Доржи вспоминает раннее детство. Ему три или четыре года. Он перекидывает с ладошки на ладошку горячую баранью почку, впивается в нее зубами… Вот он на коленях у матери. Хочется спать, но хочется слушать песни молодых соседок. Он поднимает глаза на мать, в ее маленьком ухе блестит золотая сережка. Вторая серьга — большая и яркая — висит почему-то поодаль. Он протягивает руки, чтобы взять эту серьгу, и не может дотянуться. Потом, когда стал постарше, понял, что это был, наверно, завиток молодой луны.

Пройдут годы… И вот он возвратится из далекой Казани, перешагнет порог отцовской юрты. «Мама, мама… как поседела твоя голова». — «Оттого, Доржи, — ответит мать, — что дни и ночи горевала я о тебе…» Нет, совсем не так встретит мать: «Как хорошо, что ты вернулся таким сильным и умным, родной мой Доржи! Каким большим ты стал, милый мальчик. Нагнись, я поцелую тебя».

Потом Доржи пойдет в степную думу. Перед зданием думы лежит в грязи молодой парень. Над ним склонился Бобровский, такой же здоровый и рыжебородый, как сейчас. В волосатых руках у него розги. Доржи подойдет, и кости Бобровского хрустнут в его сильных руках. Розги упадут на землю. «Ты кто такой? Я тебя не знаю», — снизу вверх посмотрит Бобровский. «Зато я тебя хорошо знаю, царская рука, жандармская душа», — ответит Доржи. «Вставай и надевай рубаху», — скажет он парню. Тот поднимется, вытрет с лица кровь, слезы и грязь… Да ведь это же Затагархан!

На шею Доржи бросится молодая красивая девушка.

«Это ты, Сэсэгхэн?» Откуда-то послышится голос тайши: «Вот каким волчонком ты вернулся, Доржи!»

Быстрые ручейки весны не всегда добегают до моря. Бывает, споткнутся о преграду и растекутся озерком. Встретят преграды на своем пути и мысли Доржи: будут биться в крепкие двери многих загадок, не легко отворить те двери… Станет Доржи ученым и умным, постигнет многие загадки и тайны. Перед ним засияет огромное, то светлое и ласковое, то суровое и бурное, море жизни…

ОТЪЕЗД

К Банзаровым пришла старая Балма, со слезами рассказывает, что Бобровский в степной думе выпорол Сундая. С ним был Холхой. Он попробовал заступиться, его схватили и посадили.

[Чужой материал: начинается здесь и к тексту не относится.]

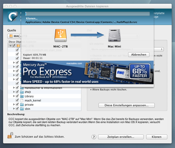 Nach ein bis zwei Minuten meldet der Mac, dass er eine nicht initialisierte Festplatte gefunden hat, super! Mit dem Festplatten Dienstprogramm wird die neue Momentus XT partioniert und formatiert. Beim Mac heißt das schlicht und ergreifend „Festplatte löschen“ – ok… Als sie „gelöscht“ ist, kann der Restore-Vorgang beginnen. Ich schaue es mir eine Weile an, der Mac schaufelt via USB 2.0 etwa 1,5GB pro Minute auf die neue interne Festplatte. Der gesamte Restore wird also etwa drei Stunden dauern. Prima, da kann ich am Mac Book den Film schneiden den ich gestern auf der Tour mit Hermann gemacht habe.

Почему все это должно случиться сейчас, перед самым отъездом? Как было бы хорошо никогда не слышать страшного слова «подати», не видеть лиц, вымазанных слезами и кровью… Каким чудесным было бы тогда последнее утро в родном Ичетуе, у подножия зубчатой Сарабды!

Небо в красных полосах, в облаках, похожих на опухоли после розог. Днем съехались мальчики, уезжающие в Казань. Цокто Чимитов и Гытыл веселые, шумные. А у Доржи Бухатуева глаза заплаканные, опухшие. Русский кафтан на нем как мешок — всюду торчат горбы. Лучше бы уж надел бурятский халат, в Казани, наверно, никто не стал бы смеяться.

У Банзаровых много людей. Все стараются сказать мальчикам теплое слово. Одни говорят: «Мужчины должны побывать всюду. Есть такие, кто отправляется в далекий путь в погоне за деньгами, а вы едете за русской наукой, за светом ума». Другие ничего не могут придумать, кроме слезливых причитаний: «Бедные мальчики… что с вами будет? Кто приголубит вас в дальних краях?» От этих жалобных слов ребятам хочется плакать. Но взрослые говорят уже о подати, недоимках, о нужде. Их прерывает чей-то взволнованный, громкий голос:

— Теплую одежду не забудьте положить ребятам!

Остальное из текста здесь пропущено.